* DATA TO EXAMINE:
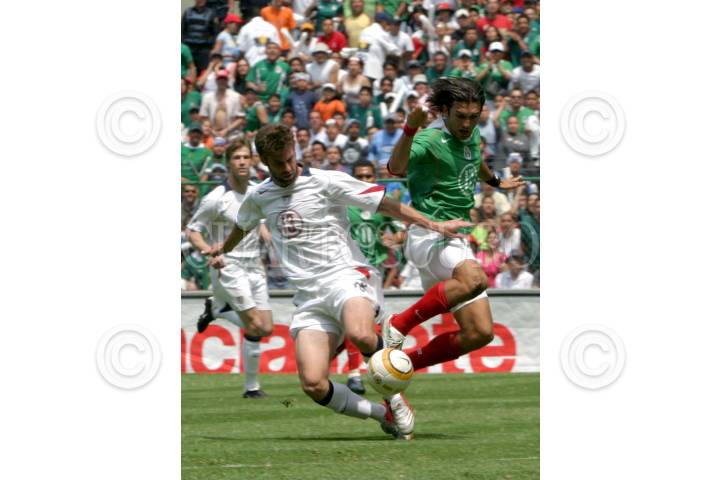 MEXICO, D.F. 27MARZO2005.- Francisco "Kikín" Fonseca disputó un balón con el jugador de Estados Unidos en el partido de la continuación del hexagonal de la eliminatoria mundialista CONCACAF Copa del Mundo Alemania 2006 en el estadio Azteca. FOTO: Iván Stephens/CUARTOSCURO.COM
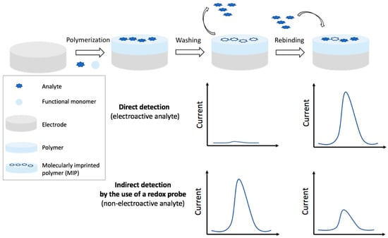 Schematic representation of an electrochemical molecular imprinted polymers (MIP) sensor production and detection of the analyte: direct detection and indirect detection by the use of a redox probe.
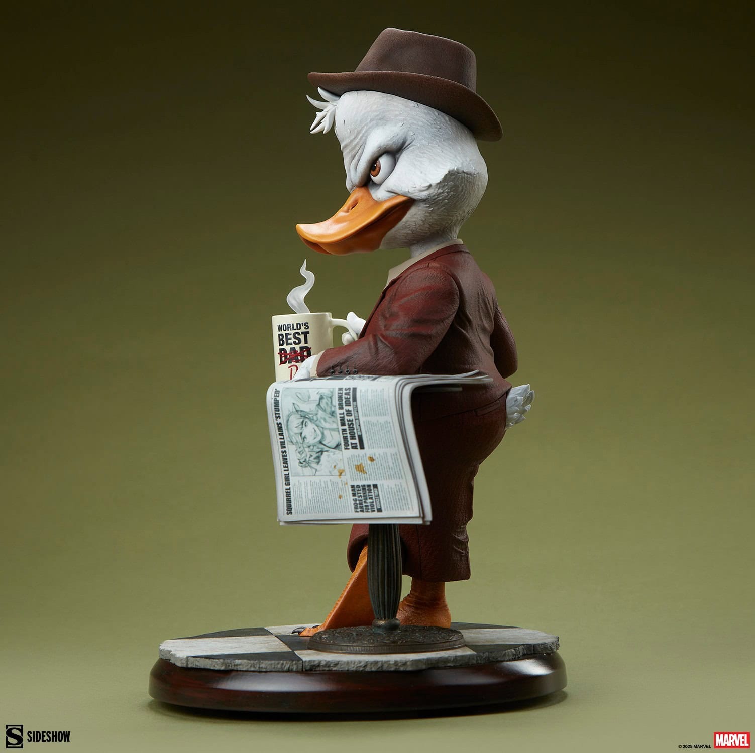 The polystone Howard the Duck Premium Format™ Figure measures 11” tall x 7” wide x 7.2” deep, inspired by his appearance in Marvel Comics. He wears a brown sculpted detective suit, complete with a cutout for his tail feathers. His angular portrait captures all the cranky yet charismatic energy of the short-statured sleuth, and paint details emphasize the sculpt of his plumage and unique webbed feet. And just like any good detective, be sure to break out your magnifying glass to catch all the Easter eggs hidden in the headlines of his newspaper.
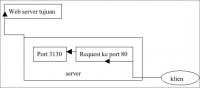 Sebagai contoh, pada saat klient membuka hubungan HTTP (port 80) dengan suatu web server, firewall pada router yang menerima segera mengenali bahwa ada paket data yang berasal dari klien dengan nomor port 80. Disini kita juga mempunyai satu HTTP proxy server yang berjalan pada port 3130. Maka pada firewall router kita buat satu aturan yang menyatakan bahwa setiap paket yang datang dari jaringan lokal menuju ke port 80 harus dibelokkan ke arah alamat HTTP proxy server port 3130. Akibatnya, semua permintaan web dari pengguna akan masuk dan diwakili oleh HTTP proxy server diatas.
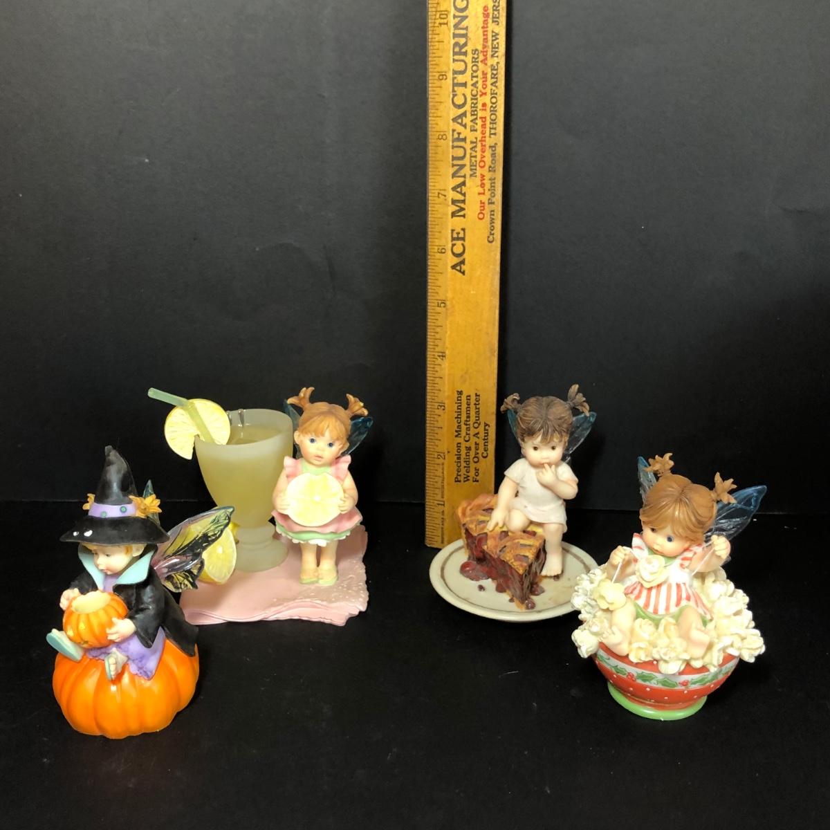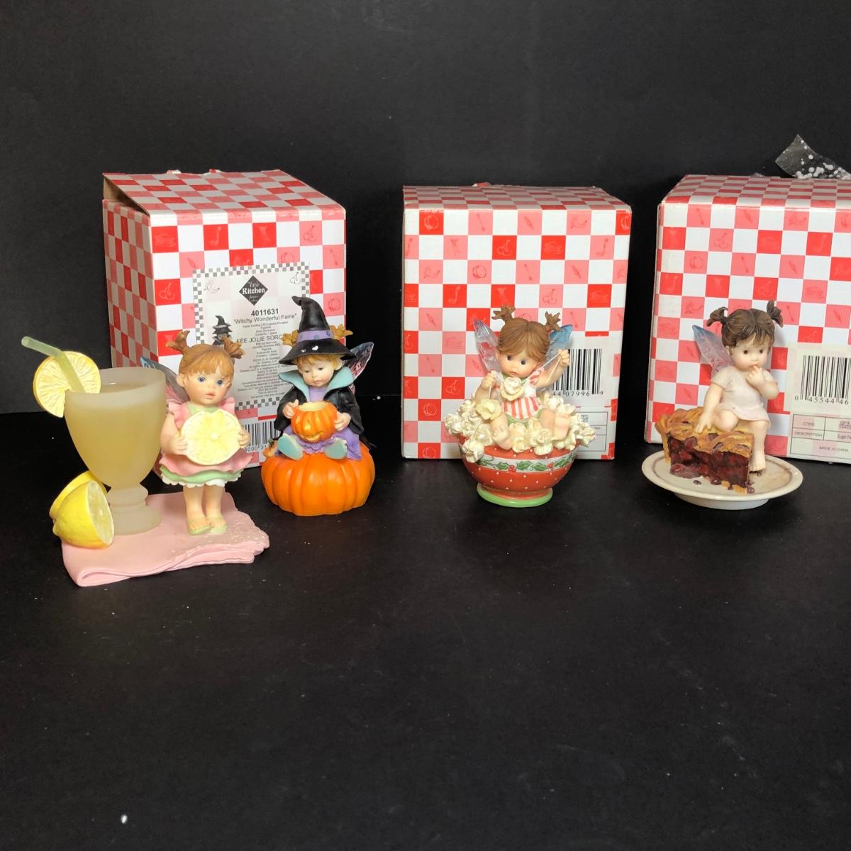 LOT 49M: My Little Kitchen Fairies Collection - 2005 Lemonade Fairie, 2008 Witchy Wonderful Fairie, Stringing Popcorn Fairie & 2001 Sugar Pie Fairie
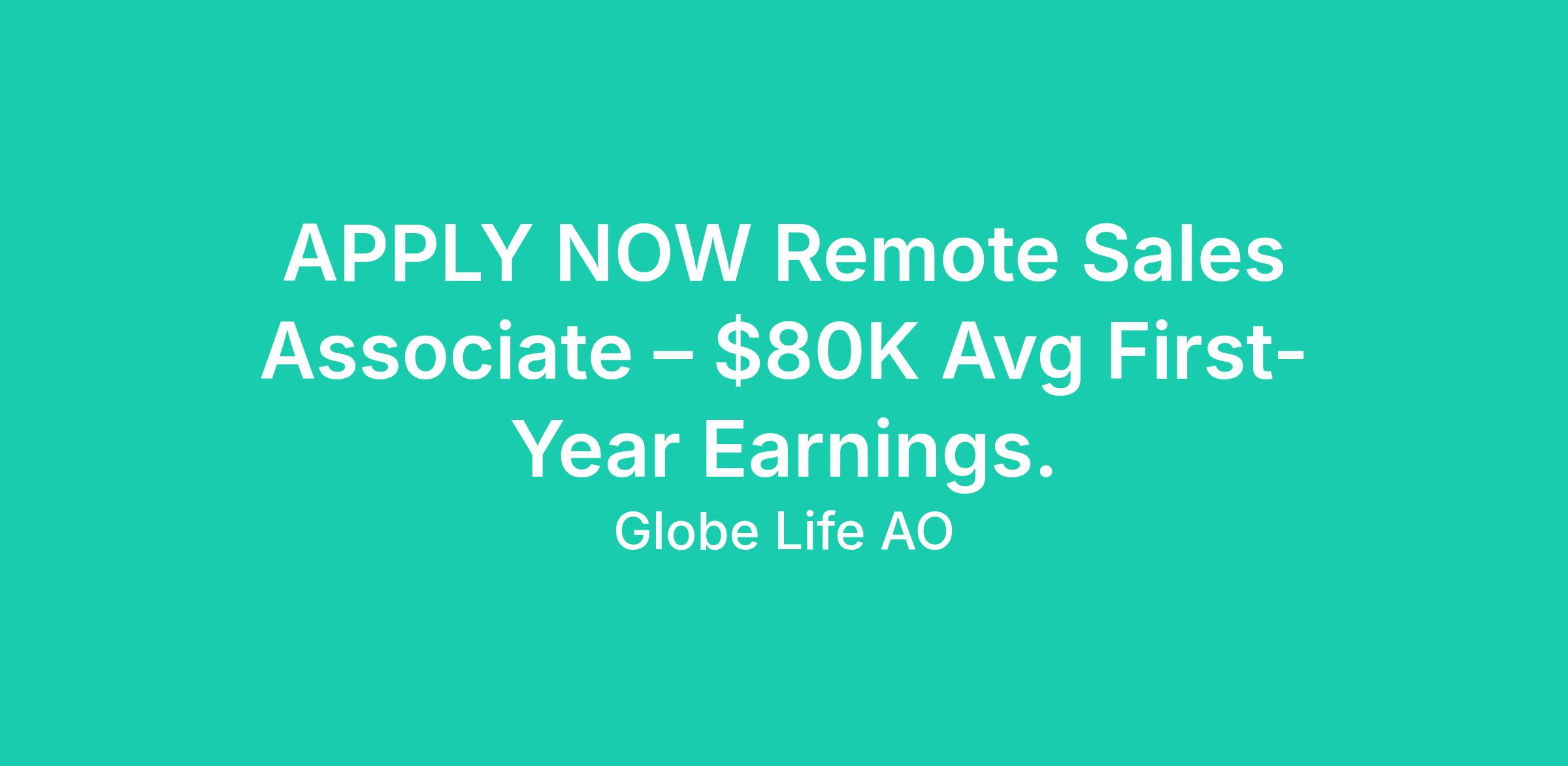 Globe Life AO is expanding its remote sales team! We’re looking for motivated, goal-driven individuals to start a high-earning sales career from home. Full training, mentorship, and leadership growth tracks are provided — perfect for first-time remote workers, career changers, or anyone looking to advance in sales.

* EXERCISE INSTRUCTIONS:
In the copy, include no pictures; otherwise transcribe the entries exactly.

* RESULT:
 MEXICO, D.F. 27MARZO2005.- Francisco "Kikín" Fonseca disputó un balón con el jugador de Estados Unidos en el partido de la continuación del hexagonal de la eliminatoria mundialista CONCACAF Copa del Mundo Alemania 2006 en el estadio Azteca. FOTO: Iván Stephens/CUARTOSCURO.COM
 Schematic representation of an electrochemical molecular imprinted polymers (MIP) sensor production and detection of the analyte: direct detection and indirect detection by the use of a redox probe.
 The polystone Howard the Duck Premium Format™ Figure measures 11” tall x 7” wide x 7.2” deep, inspired by his appearance in Marvel Comics. He wears a brown sculpted detective suit, complete with a cutout for his tail feathers. His angular portrait captures all the cranky yet charismatic energy of the short-statured sleuth, and paint details emphasize the sculpt of his plumage and unique webbed feet. And just like any good detective, be sure to break out your magnifying glass to catch all the Easter eggs hidden in the headlines of his newspaper.
 Sebagai contoh, pada saat klient membuka hubungan HTTP (port 80) dengan suatu web server, firewall pada router yang menerima segera mengenali bahwa ada paket data yang berasal dari klien dengan nomor port 80. Disini kita juga mempunyai satu HTTP proxy server yang berjalan pada port 3130. Maka pada firewall router kita buat satu aturan yang menyatakan bahwa setiap paket yang datang dari jaringan lokal menuju ke port 80 harus dibelokkan ke arah alamat HTTP proxy server port 3130. Akibatnya, semua permintaan web dari pengguna akan masuk dan diwakili oleh HTTP proxy server diatas.
 LOT 49M: My Little Kitchen Fairies Collection - 2005 Lemonade Fairie, 2008 Witchy Wonderful Fairie, Stringing Popcorn Fairie & 2001 Sugar Pie Fairie
 Globe Life AO is expanding its remote sales team! We’re looking for motivated, goal-driven individuals to start a high-earning sales career from home. Full training, mentorship, and leadership growth tracks are provided — perfect for first-time remote workers, career changers, or anyone looking to advance in sales.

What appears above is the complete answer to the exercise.